# lingerie



## stevenvh

Ciao a tutti,
vorrei sapere come si pronuncia lingerie in italiano: come in francese ("lèngeri") oppure come si scrive?

Grazie in anticipo,
Steven


----------



## Necsus

Certo, dipende sempre dal contesto (sociale, non della frase), ma in linea di massima gli italiani che non conoscono la lingua di appartenenza di una parola straniera tendono a pronunciarla secondo le regole dell'italiano, ovverosia come è scritta (un esempio lampante è da sempre il classico Colgate)..!


----------



## Calypso29

Ciao stevenvh!!!

In italiano si legge come si scrive: "lingerie", senza la "e" finale e con la "g" dolce!!!

C.



Necsus said:


> Certo, dipende sempre dal contesto (sociale, non della frase), ma in linea di massima gli italiani che non conoscono la lingua di appartenenza di una parola straniera tendono a pronunciarla secondo le regole dell'italiano, ovverosia come è scritta (un esempio lampante è da sempre il classico Colgate)..!


 


_Scusa cosa intendi con_ *contesto*_?_

_Scusa, io ho sempre detto *colgate*, come sarebbe l'originale???_

_ps: ci sarebbe anche *puzzle*, vero???_


----------



## stevenvh

Calypso29 said:


> In italiano si legge come si scrive: "lingerie", senza la "e" finale



Ah? Non si pronuncia sempre la "e" finale, allora? Altri esempi?


----------



## Necsus

Calypso29 said:
			
		

> _Scusa cosa intendi con_ *contesto*_?_
> _Scusa, io ho sempre detto *colgate*, come sarebbe l'originale???_
> _ps: ci sarebbe anche *puzzle*, vero??? _


Voglio dire che è più facile che che persone più acculturate per appartenenza sociale (o altro) usino per una parola straniera la pronuncia corretta secondo la lingua di provenienza.  

Be', colghéit, direi...


----------



## Calypso29

stevenvh said:


> Ah? Non si pronuncia sempre la "e" finale, allora? Altri esempi?


 

Sì, in italiano si pronunciano sempre* tutte le lettere, ma per quanto riguarda alcune parole straniere, per esempio quelle che finiscono con -ie, si pronuncia solo la "i".

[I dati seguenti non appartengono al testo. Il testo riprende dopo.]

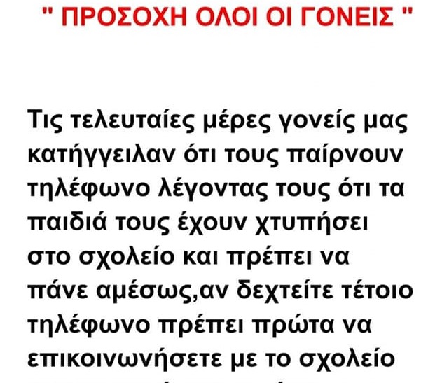Ένα αντίστοιχο περιστατικό δημοσιοποιήθηκε από τη σελίδα του 3ου Δημοτικού Σχολείου Ευκαρπίας γεγονός που μας προβλημάτισε και για ακόμη μια φορά φέρνει στο προσκήνιο τη σημασία του να είμαστε ιδιαιτέρως προσεκτικοί στα τηλεφωνήματα που λαμβάνουμε. Όταν σας καλέσουν άγνωστοι και σας ενημερώσουν για “τραυματισμό” του παιδιού στο σχολείο πριν πανικοβληθείτε, τηλεφωνήστε στο σχολείο για να επαληθεύσετε όσα σας είπαν και σε δεύτερο χρόνο καλό θα είναι να ενημερώσετε και την Αστυνομία καλώντας το «100».

Purtroppo non mi vengono altri esempi.... :-(

* eccezione fatta per "gn" (= ñ); "gl" (= ll spagnola)...


----------



## federicoft

notare che in italiano solitamente si legge _linjerì_ MA in francese corretto si direbbe _lanjerì_.


----------



## Necsus

Calypso29 said:
			
		

> Sì, in italiano si pronunciano sempre* tutte le lettere, ma per quanto riguarda alcune parole straniere, per esempio quelle che finiscono con -ie, si pronuncia solo la "i".
> 
> Purtroppo non mi vengono altri esempi.... :-(
> 
> * eccezione fatta per "gn" (= ñ); "gl" (= ll spagnola)...


Calypso29, secondo me la questione non è che si pronunci o meno la -e in alcune parole, quanto che in Italia si usa la pronuncia della lingua di provenienza (almeno per quelle più conosciute) 'italianizzandola', cioè senza rispettarla per quelle lettere che si discostano dalla nostra abitudine a pronunciarle come sono scritte, quindi abbiamo 'lingerì' con la 'i' anziché 'lãgërì', o 'pruderì' anziché 'prüdrì', o anche 'Volksvàġen' anziché 'Folksvaaġën', o 'Mièle' anziché 'Mìilë', o 'Dìsnei' anziché 'Dìsni', etc.


----------



## Calypso29

Necsus said:


> Calypso29, secondo me la questione non è che si pronunci o meno la -e in alcune parole, quanto che in Italia si usa la pronuncia della lingua di provenienza (almeno per quelle più conosciute) 'italianizzandola', cioè senza rispettarla per quelle lettere che si discostano dalla nostra abitudine a pronunciarle come sono scritte, quindi abbiamo 'lingerì' con la 'i' anziché 'lãgërì', o 'pruderì' anziché 'prüdrì', o anche 'Volksvàġen' anziché 'Folksvaaġën', o 'Mièle' anziché 'Mìilë', o 'Dìsnei' anziché 'Dìsni', etc.


 
Il mio era solo un esempio, ci sono tante, TROPPE, parole straniere italianizzate nella nostra bellissima e (già di suo) ricchissima lingua. 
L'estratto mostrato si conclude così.